I bid farewell to the Luddite Movement that I once believed so strongly in and fully commit myself to being a part of the “Twitter Generation” Thanks for having me, guys.
Aw, here it goes… (Kenan & Kel, anyone?)
One. “Getting My Sea Legs (or should I say Blog Legs? No. sounds creepy):
A Brief Introduction”
Juliet Capulet once said from a balcony in Verona: "What's in a name? That which we call a rose, By any other name would smell as sweet (Romeo & Juliet II, ii, 1-2)…
It’s a classic line, and I get it, what she’s saying. Despite his unfortunate last name, her Love would remain unchanged to her: He would have the same soul, same (assumedly) lovely eyes, the same excellent talent for verse in the English language (especially considering the fact that he was Italian), etc. However, I think, in her tunneled vision, Juliet here has minimized the power of the name, and I must address this fallacy today, since I know this troubles all of you as well : )
This is what my first entry is about: the title of my blog. It might seem lame, but this is totally necessary for me because, you see, I am a believer in names.
The Anglo-Saxons used to name everything. Their swords, their helmets, their armor, their cutlery (can you imagine a world in which you could be found drinking out of your noble coffee mug, “Arabica”?? I certainly can…), their children (an odd habit we continue to carry out to this day)…anything noble or of worth, anything that ensured their survival or enhanced the quality of their survival, was given a name.
What do I have to name?
My iPhone? Perhaps its name would be “the reason I now tweet in bed.” …That’s lacking something.
My Kindle? Considering mine met its Maker about 2 months ago, the only name it merits is “broken.”
My kitten? Oh wait. I am not allowed to have one…but her name would be Luna Lovegood, and I swear I would cherish her forever…but that’s another entry entirely…
So, when I decided to bite the proverbial bullet and make a blog, I think the thing that excited me the most was giving it a title that characterized me. My journey ended on the title of the poem, somewhere i have never travelled,gladly beyond, by ee cummings.
It’s an odd, beautiful little poem, probably my third favorite of all time (not sure what the first two are, they are yet to be known to me), and it’s me.

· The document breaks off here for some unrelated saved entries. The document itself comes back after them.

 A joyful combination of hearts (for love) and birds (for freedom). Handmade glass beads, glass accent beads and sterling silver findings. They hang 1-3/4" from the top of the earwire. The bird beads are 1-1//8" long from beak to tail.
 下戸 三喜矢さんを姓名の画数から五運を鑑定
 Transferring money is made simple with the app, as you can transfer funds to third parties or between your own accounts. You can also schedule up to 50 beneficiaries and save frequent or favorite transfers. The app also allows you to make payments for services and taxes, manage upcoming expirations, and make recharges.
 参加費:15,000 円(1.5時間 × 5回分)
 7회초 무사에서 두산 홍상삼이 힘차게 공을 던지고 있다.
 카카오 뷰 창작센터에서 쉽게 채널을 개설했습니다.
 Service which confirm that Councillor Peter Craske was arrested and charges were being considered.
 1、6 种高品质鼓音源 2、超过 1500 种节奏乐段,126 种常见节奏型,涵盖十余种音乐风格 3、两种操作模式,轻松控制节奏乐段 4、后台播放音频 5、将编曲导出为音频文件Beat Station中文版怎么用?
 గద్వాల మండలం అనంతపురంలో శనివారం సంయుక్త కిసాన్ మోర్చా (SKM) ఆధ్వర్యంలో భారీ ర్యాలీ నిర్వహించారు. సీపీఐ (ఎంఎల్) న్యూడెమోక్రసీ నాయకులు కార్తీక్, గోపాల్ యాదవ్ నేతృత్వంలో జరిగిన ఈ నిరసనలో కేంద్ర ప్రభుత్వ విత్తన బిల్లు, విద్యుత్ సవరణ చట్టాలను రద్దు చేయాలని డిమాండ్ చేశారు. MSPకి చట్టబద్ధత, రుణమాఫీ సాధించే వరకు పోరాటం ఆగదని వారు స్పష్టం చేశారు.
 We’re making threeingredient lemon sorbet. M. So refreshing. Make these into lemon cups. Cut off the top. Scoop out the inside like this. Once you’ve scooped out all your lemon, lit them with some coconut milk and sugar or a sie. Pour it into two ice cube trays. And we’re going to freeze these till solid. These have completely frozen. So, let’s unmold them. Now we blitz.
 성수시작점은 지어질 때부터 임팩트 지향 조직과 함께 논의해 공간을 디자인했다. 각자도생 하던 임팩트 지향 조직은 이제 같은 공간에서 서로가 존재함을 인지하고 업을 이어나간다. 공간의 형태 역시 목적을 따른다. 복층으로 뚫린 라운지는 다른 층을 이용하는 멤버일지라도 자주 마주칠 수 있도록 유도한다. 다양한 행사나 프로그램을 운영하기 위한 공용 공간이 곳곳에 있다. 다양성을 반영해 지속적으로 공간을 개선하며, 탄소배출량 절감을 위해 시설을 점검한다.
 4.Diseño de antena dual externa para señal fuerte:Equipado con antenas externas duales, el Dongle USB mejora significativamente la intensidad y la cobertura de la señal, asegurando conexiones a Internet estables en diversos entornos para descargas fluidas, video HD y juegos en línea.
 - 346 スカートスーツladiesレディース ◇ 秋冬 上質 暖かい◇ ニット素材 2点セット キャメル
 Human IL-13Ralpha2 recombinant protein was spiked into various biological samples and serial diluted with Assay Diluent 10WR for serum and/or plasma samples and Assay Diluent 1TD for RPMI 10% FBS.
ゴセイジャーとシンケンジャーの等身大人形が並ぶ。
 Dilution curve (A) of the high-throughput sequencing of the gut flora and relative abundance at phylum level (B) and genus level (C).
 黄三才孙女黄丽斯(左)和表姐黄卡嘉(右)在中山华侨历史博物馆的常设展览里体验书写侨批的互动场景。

That pretty much sums me up in this moment. I had something to write about 2 hours ago, a laundry list of comical/serious aspects of my person, but so much has changed since then. Things seem to change—I seem to change—so quickly I can’t even keep up with myself. This truth is incredibly ironic in that I am in what seems an interminable period of “I don’t know” and wait. I am learning and changing constantly, but my circumstances seem to linger on, persistent and stubborn. They’re not bad, just persistent and stubborn. And they don’t find me exactly where I feel I was made to dwell.
This solidifies my choice of title even more.
The first 2 lines of this poem read,
“somewhere i have never travelled,gladly beyond
any experience,your eyes have their silence”.
This is actually the only reality I know right now. That my whole existence lies somewhere I have never traveled. My world revolves around the One whose eyes have their silence in this mysterious place I long to be caught up in: First here. then There. But certainly always. (and I forget too often, even now). And I am glad.